Hacker News new | ask | show | jobs
by rfoo 483 days ago
Speaks more about how many low hanging fruits remaining in "NOOOOO I DON'T WANT TO DOWNLOAD 200MiB PYTORCH I'D BETTER REINVENT THE WHEEL"-gang inference stacks.

To be fair torch didn't try very hard optimizing on CPU either.

2 comments

FWIW as someone who "NOOO DOESN'T WANT TO DOWNLOAD 200MB[0] PYTORCH"s i'm glad for those who make alternative minimal/no-dependency stacks that are based on C/C++, like ggml.

[0] 200MB is actually a very generous number, i tried to download some AI thing via pip3 the other day and it wanted 600MB or so of CUDA stuff. Meanwhile i do not even have an Nvidia GPU.

The wheel of CPU-only PyTorch 2.6.0 for Python 3.12 is ~170MiB in size.

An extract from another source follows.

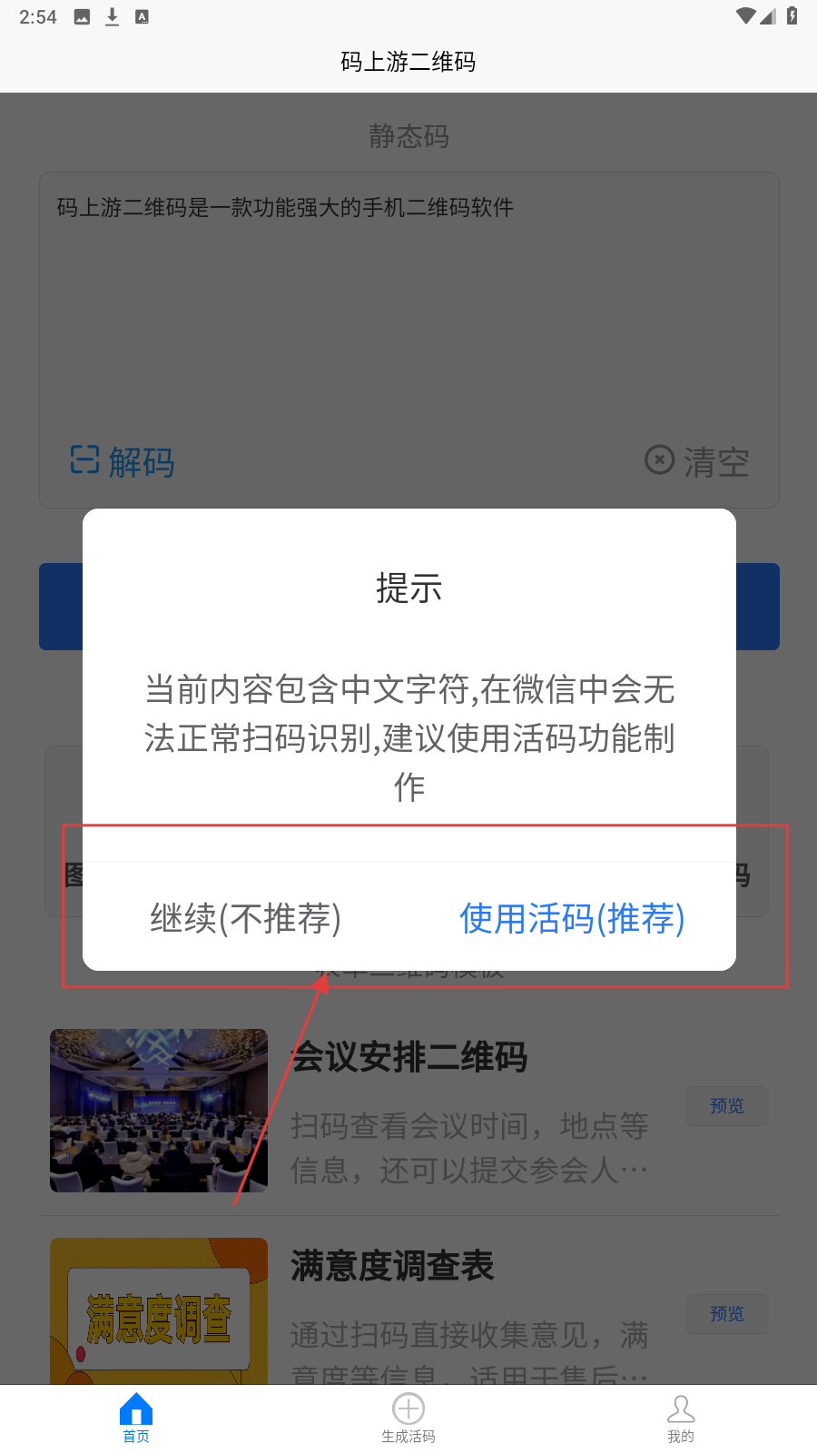 2、点击【生成二维码(静态码)】,在提示框选【继续(不推荐)】或【使用活码(推荐)】。

It is indeed pretty silly that's not the default and you have to go to https://pytorch.org/get-started/locally/, copy the argument `--index-url https://download.pytorch.org/whl/cpu` to install CPU-only torch. But the alternative would be having the worlds scientists wondering why they can't use their GPUs after `pip install torch` so /shrug

But as a response to the parent saying "LLMs will be great at ts/js slop but not for infra" it's quite reasonable to say: here's an example of someone applying it to backend optimizations today.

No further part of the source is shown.